**Material supplied:**
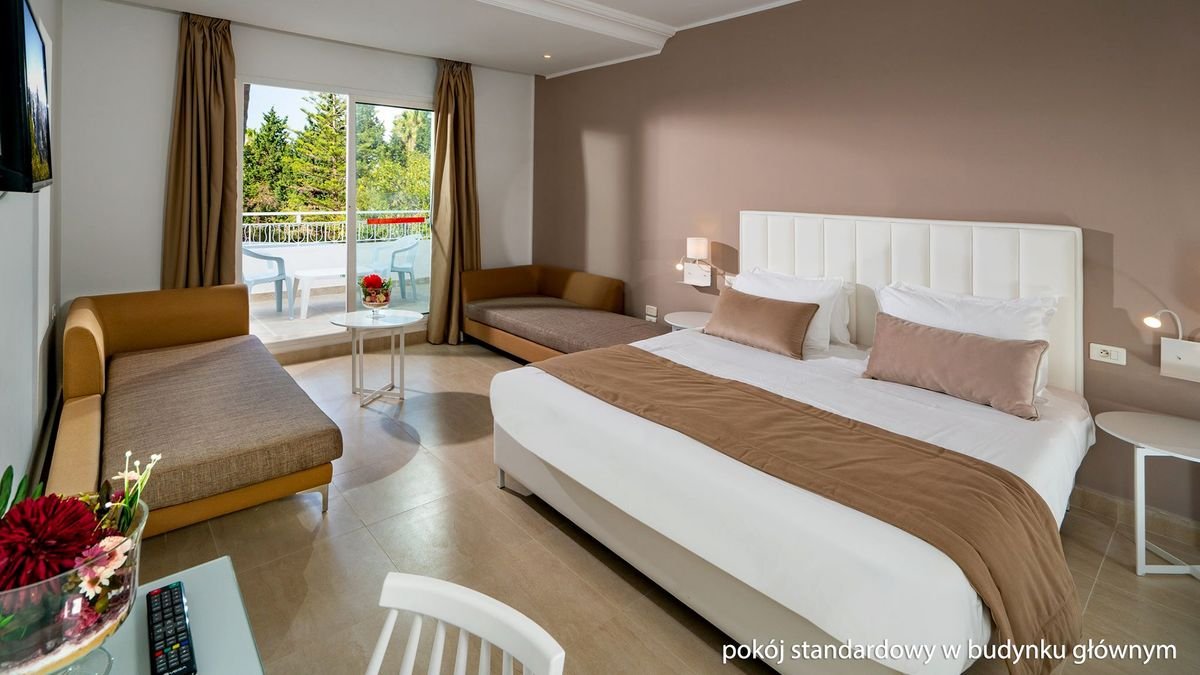 2 baseny, słodka woda, 2 baseny dla dzieci, przy basenach bezpłatne parasole i leżaki; nielimitowany wstęp do aquaparku Flipper; 2 korty tenisowe z wypożyczalnią sprzętu (za kaucją), tenis stołowy; plac zabaw dla dzieci, miniklub (4-12 lat), animacje sportowe i programy rozrywkowe dla dorosłych i dzieci: aerobik, aqua aerobik, piłka wodna, siatkówka plażowa, tenis stołowy; za opłatą: centrum wellness: masaże, sauna, hammam, salon urody, sporty motorowe na plaży (zależnie od warunków atmosferycznych).
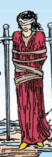 منظرۀ بیحاصل اطراف او نشاندهنده کمبود خلاقیت است و آسمان تاریک در دوردست، نماد ناامیدی است، زیرا او باور دارد که راه فراری از این وضعیت ندارد. اما حقیقت این است که اگر چشمبند ترس و محدودیت ذهنی را بردارد، میتواند به سادگی آزاد شود. حتی زمانی که مشکلات غیرقابلحل به نظر میرسند، همیشه راهی برای رهایی وجود دارد. این کارت به ما هشدار میدهد که اگرچه راه فرار ممکن است آسان نباشد، اما همچنان باز است.
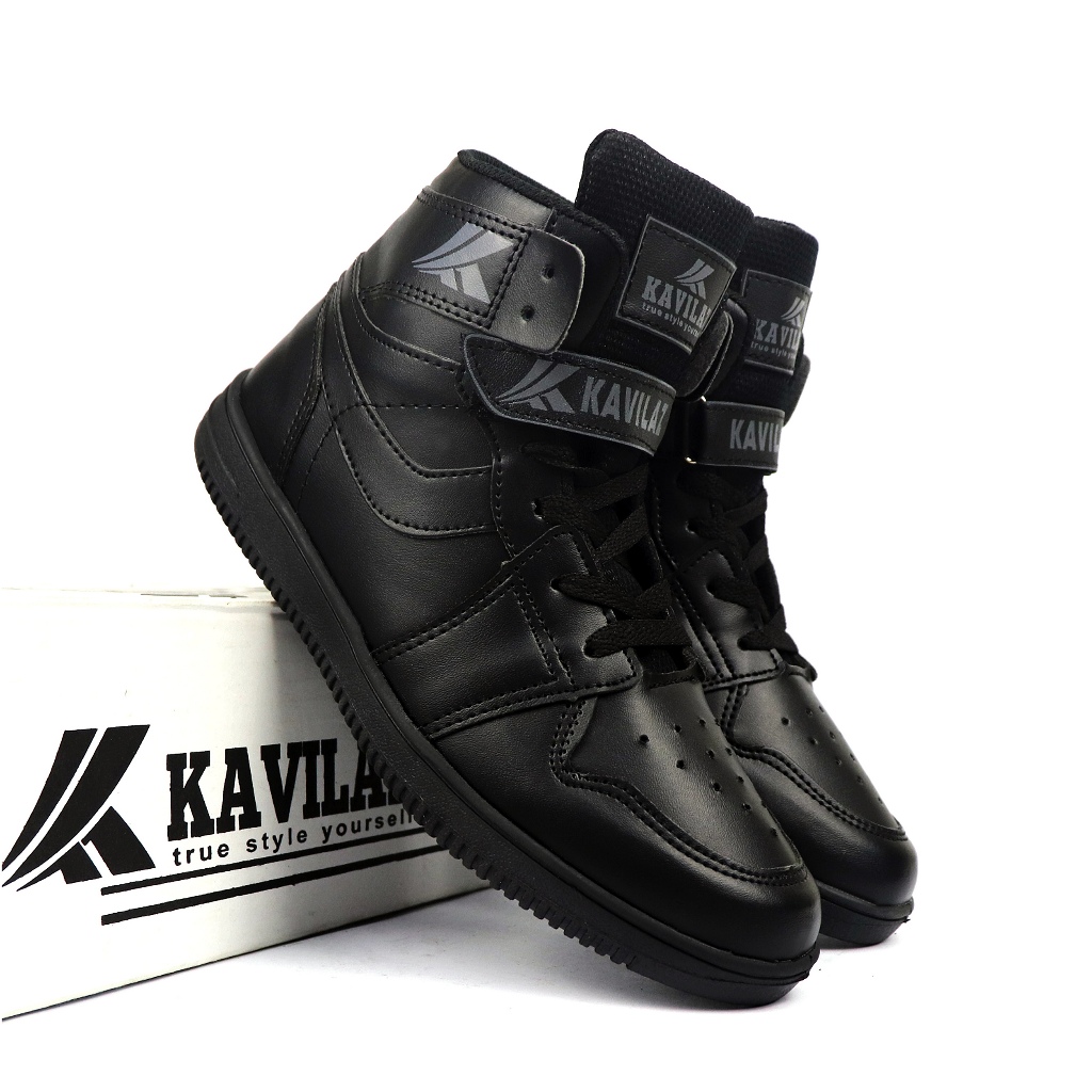 KAVILAZ True Style Yourself Sepatu Boot Anak Laki Laki Hitam Putih Sekolah Tali Combi Perekat
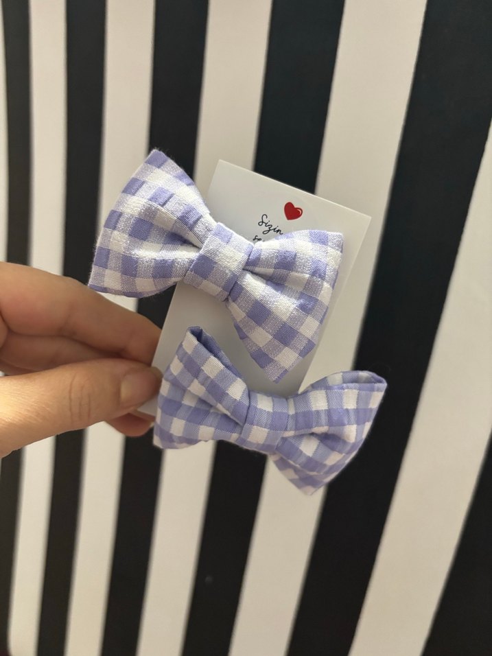 Pastel mor ekose desenli, yumuşak kumaşlı çocuk fiyonk toka, sade ve günlük sokak stili için uygundur. Timsah toka detay
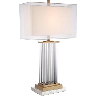 Vienna Full Spectrum Modern Table Lamp 28" Tall with Square Riser Stacked Crystal Spheres White Drum Shade for Bedroom Living Room House Home Bedside
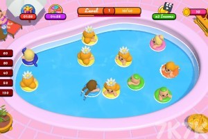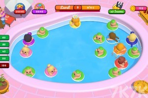 泳池派对开始啦,你可以将泳池内相同的泳圈拖动到一起合并起来,并将合并泳圈的奖励用来升级泳池派对的各种设备,快来体验一下吧。

**What the exercise asks:** Output the material word for word, and keep the pictures out.

**Exercise response:**
 2 baseny, słodka woda, 2 baseny dla dzieci, przy basenach bezpłatne parasole i leżaki; nielimitowany wstęp do aquaparku Flipper; 2 korty tenisowe z wypożyczalnią sprzętu (za kaucją), tenis stołowy; plac zabaw dla dzieci, miniklub (4-12 lat), animacje sportowe i programy rozrywkowe dla dorosłych i dzieci: aerobik, aqua aerobik, piłka wodna, siatkówka plażowa, tenis stołowy; za opłatą: centrum wellness: masaże, sauna, hammam, salon urody, sporty motorowe na plaży (zależnie od warunków atmosferycznych).
 منظرۀ بیحاصل اطراف او نشاندهنده کمبود خلاقیت است و آسمان تاریک در دوردست، نماد ناامیدی است، زیرا او باور دارد که راه فراری از این وضعیت ندارد. اما حقیقت این است که اگر چشمبند ترس و محدودیت ذهنی را بردارد، میتواند به سادگی آزاد شود. حتی زمانی که مشکلات غیرقابلحل به نظر میرسند، همیشه راهی برای رهایی وجود دارد. این کارت به ما هشدار میدهد که اگرچه راه فرار ممکن است آسان نباشد، اما همچنان باز است.
 KAVILAZ True Style Yourself Sepatu Boot Anak Laki Laki Hitam Putih Sekolah Tali Combi Perekat
 Pastel mor ekose desenli, yumuşak kumaşlı çocuk fiyonk toka, sade ve günlük sokak stili için uygundur. Timsah toka detay
 Vienna Full Spectrum Modern Table Lamp 28" Tall with Square Riser Stacked Crystal Spheres White Drum Shade for Bedroom Living Room House Home Bedside
 泳池派对开始啦,你可以将泳池内相同的泳圈拖动到一起合并起来,并将合并泳圈的奖励用来升级泳池派对的各种设备,快来体验一下吧。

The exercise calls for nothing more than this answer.